Case 1 CREATE TABLE AS SELECT: the schema is determined by the result schema of the SELECT clause. For example,

CREATE TABLE tab STORED AS TEXTFILE
AS SELECT * from input

Case 2 CREATE TABLE: users explicitly specify the schema. For example,

CREATE TABLE jsonTable (_1 string, _2 string)
USING org.apache.spark.sql.json

Group B. Spark SQL infers the schema at runtime.

Case 3 CREATE TABLE. Users do not specify the schema but the path to the file location. For example,

CREATE TABLE jsonTable 
USING org.apache.spark.sql.json
OPTIONS (path '${tempDir.getCanonicalPath}')

Before this PR, Spark SQL does not store the inferred schema in the external catalog for the cases in Group B. When users refreshing the metadata cache, accessing the table at the first time after (re-)starting Spark, Spark SQL will infer the schema and store the info in the metadata cache for improving the performance of subsequent metadata requests. However, the runtime schema inference could cause undesirable schema changes after each reboot of Spark.

This PR is to store the inferred schema in the external catalog when creating the table. When users intend to refresh the schema after possible changes on external files (table location), they issue REFRESH TABLE. Spark SQL will infer the schema again based on the previously specified table location and update/refresh the schema in the external catalog and metadata cache For data source tables, the schema will not be inferred and refreshed.

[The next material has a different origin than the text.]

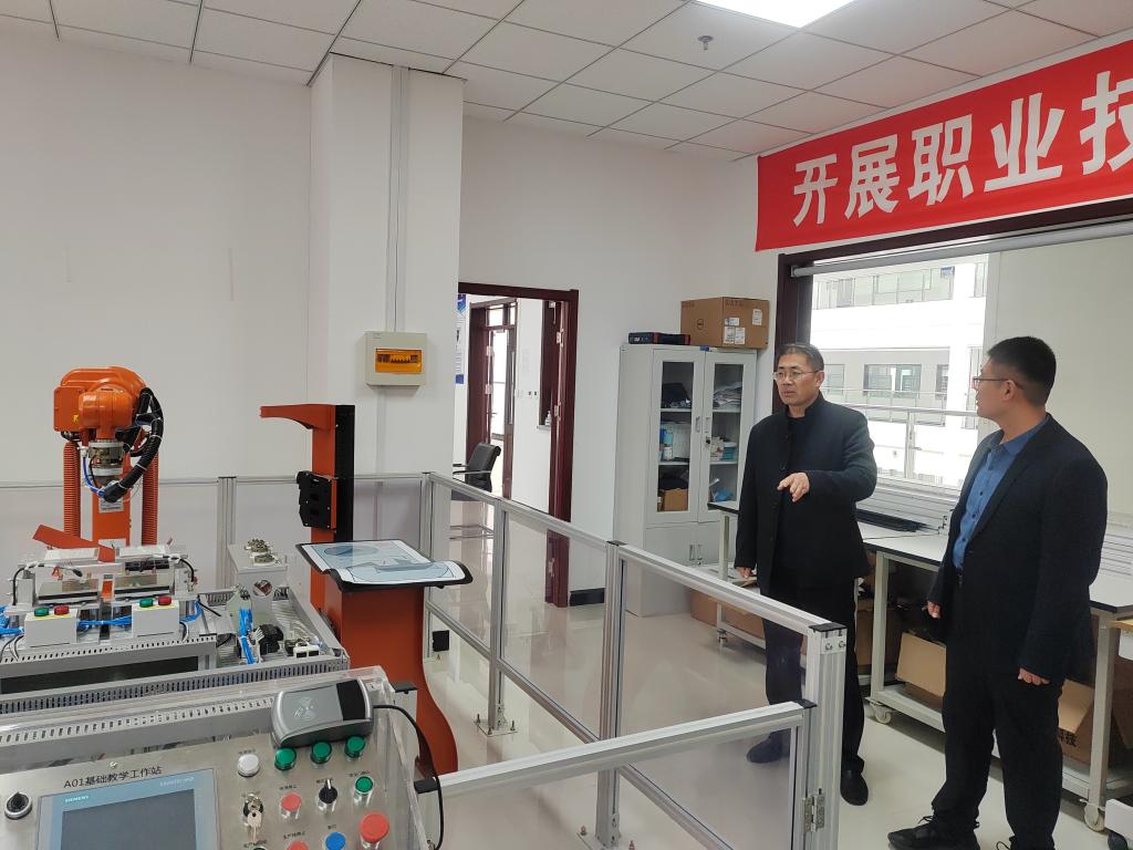 首先,在烟台职业学院电气与电子工程系副主任李鹏的陪同下,调研组一行参观了该校产教融合工程中心,随后在系会议室举办了座谈会。电气与电子工程系主任栾春光,副主任李鹏、张海丹及教研室主任等9人出席了座谈会,栾春光对学院电子工程系调研组的到来表示热烈欢迎,李鹏和陈晓宝分别对各自系部进行了介绍,随后双方就专业建设、实训基地、师资培养、科研服务、技能大赛等方面进行了深入交流。

If the schema is changed, they need to recreate a new table. For managed tables, the schema can be changed through the DDL statements.

In this PR, we do not use the inferred schema to replace the user specified schema for avoiding external behavior changes . Based on the design, user-specified schemas (as described in Group A) can be changed by ALTER TABLE commands, although we do not support them now.

How was this patch tested?

TODO: add more cases to cover the changes.

SparkQA · 2016-07-14T22:15:00Z

Test build #62344 has finished for PR 14207 at commit 3be0dc0.

This patch passes all tests.
This patch merges cleanly.
This patch adds no public classes.

gatorsmile · 2016-07-14T23:49:16Z

@rxin @cloud-fan @yhuai

This PR introduces a new concept SchemaType for determining the original source of a schema. When SchemaType is USER, it means this table belongs to Group A. When the type is INFERRED, the table requires schema inference. That is, Group B.

Not sure whether this solution sounds OK to you. Let me know whether this is a right direction to resolve the issue. Thanks!

jaceklaskowski · 2016-07-17T14:30:09Z

sql/core/src/main/scala/org/apache/spark/sql/execution/command/ddl.scala

@@ -487,6 +487,10 @@ object DDLUtils {
    isDatasourceTable(table.properties)
  }

+  def isSchemaInferred(table: CatalogTable): Boolean = {
+    table.properties.get(DATASOURCE_SCHEMA_TYPE) == Option(SchemaType.INFERRED.name)


Consider contains.

Please don't use contains. It makes it much harder to read and understand
the return type is an option.

On Sunday, July 17, 2016, Jacek Laskowski notifications@github.com wrote:

In
sql/core/src/main/scala/org/apache/spark/sql/execution/command/ddl.scala
#14207 (comment):

@@ -487,6 +487,10 @@ object DDLUtils {
isDatasourceTable(table.properties)
}

def isSchemaInferred(table: CatalogTable): Boolean = {

table.properties.get(DATASOURCE_SCHEMA_TYPE) == Option(SchemaType.INFERRED.name)

Consider contains.

—
You are receiving this because you were mentioned.
Reply to this email directly, view it on GitHub
https://github.com/apache/spark/pull/14207/files/3be0dc0b7cfd942459c598c0d35f3d67a2c020ba#r71083304,
or mute the thread
https://github.com/notifications/unsubscribe-auth/AATvPLJxrOTgsryjrhIAFMb3v7t5vl8-ks5qWjylgaJpZM4JMzdl
.

Thanks! @rxin @jaceklaskowski

I will not change it because using contains will break the Scala 2.10 compiler.

viirya · 2016-07-18T06:14:40Z

I think it is not clear what the problem this PR tries to solve is. It just says it proposes to save the inferred schema in external catalog.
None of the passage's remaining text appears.